Three Hours of Sky...
By Matthew Buynoski

Well, early looks at the sky at sunset were not encouraging with a fair amount of cirrus all over the place. But, when I went out about 7, with a few stars popping out into the light-polluted skies, they seemed to have dissipated.

Now, the backyard is not the best observing environment in the world. It's in the middle of the suburbs and I can only look out to the northwest and west as the sycamore and pine (70' and 90' tall, respectively) more or less block out the rest of the sky. So I took what I could see, which turned out to be Cassiopeia and Perseus, for the most part. First thing I did was peek at Pleiades with the binoculars. Very fine. Very fine. Photons! At last! Ahhhhh....

Going on to the scope, I hunted up alpha-Cass and worked my way down the W, looking at clusters. First up was 7789, which was nice but of course not up to its full glory in the bright sky. Skipped down alpha-Cass. to beta-Cass. to eta-Cass., and looked for the unnumbered (in Sky Atlas 2000, anyway) cluster near eta. Not found. Continuing to gamma-Cass, 381 and 358 were found and ogled. Then on to phi-Cass looking for 436 and 457, nope and nope. Moved next to batch of five clusters not far from delta-Cass. Paydirt. All five were there, although a couple were pretty faint in the bright sky. M103 was the best of the crew, and a nice view.
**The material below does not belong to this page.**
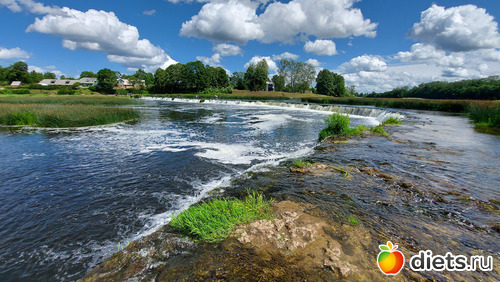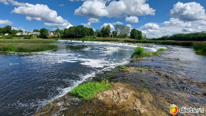 Ну и местная достопримечательность - самый широкий водопад Европы Вентас-румба. Ширина водопада в зависимости от сезона варьируется от 110 м до 279 м, весь его можно перейти ногами. А высота варьируется от 1,6 до 2,2 м.

Not too much farther on from delta-Cass. are three more clusters, of which I found one (637) but the other two were too faint (609, 559) or lost into the Milky Way.

Drifted out of Cassiopeia and into Perseus now, going first for 774, another small cluster which was there but not spectacular tonight. Then I went and hunted up M76, tonight's token planetary. It was there--just--as a trace of a grey patch that moved with the star pattern. No detail. Then it was back across Perseus to the Double Cluster, a sparkler in almost any sky conditions; I spent a fair amount of time here, thoroughly enjoying the view, and soaking up photons to make up for the full month (!) of no observing due to clouds and rain around here.
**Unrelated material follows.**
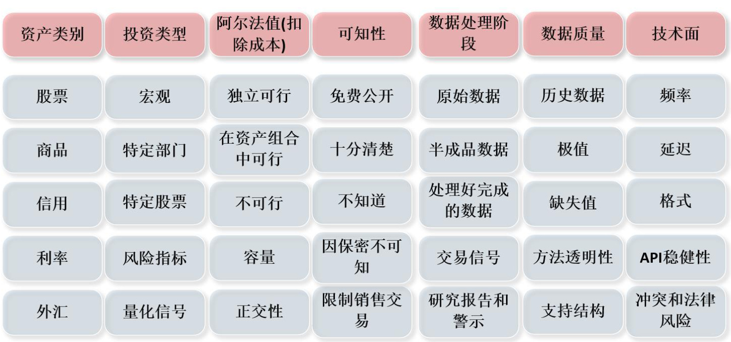 - 投资视角分类覆盖股票、商品、信用、利率、外汇等资产类别,且考虑数据处理阶段、数据质量、技术面等方面。

From Double Cluster, I went over to gamma-Andromeda and enjoyed the beauty of the color-contrasted pair. After that, things started to get kind of sticky. I went for M34 next but just couldn't find it. Refusing to believe my star-hopping had completely evaporated, I eventually put my glasses back on to discover that a band of clouds had reappeared to the west and M34 was behind it. No wonder I couldn't find any stars to hop from in the finder. Scanned around and found that Orion had cleared the sycamore (barely...I did lose it now and again for a minute or so as twigs passed through the field of view). Got a truly fine view of M42. Five stars were visible in the Trapezium, with the fifth (E) coming and going with the seeing. It was there a second or two at a time, then would wink out coyly and reappear again in another second or so. The nebula itself was its usual glorious self. As the view time lengthened, more and more streamer detail became visible away from the main body of the nebula. Until....suddenly it became *very* nebulous and everything faded. The clouds had reached Orion now, tenuous grey fingers stealing away the views....

I switched over to Sirius, hoping to get a view or two of some clusters like M41 and M93 before the clouds got there too, but lost the race. Though Sirius itself was clearing the sycamore, the clusters to the south of it were hidden behind the back porch roofline. By the time they'd cleared by that, Sirius had fuzzed out as the grey fingers clutched at more and more of the sky.

I packed it in. It was 10 already--three hours had melted away as if they were only three minutes. So what if it was cut short by clouds, so what if it was light-polluted, so what if it was with a restricted sky view. No matter! The sky was back, and it was glorious.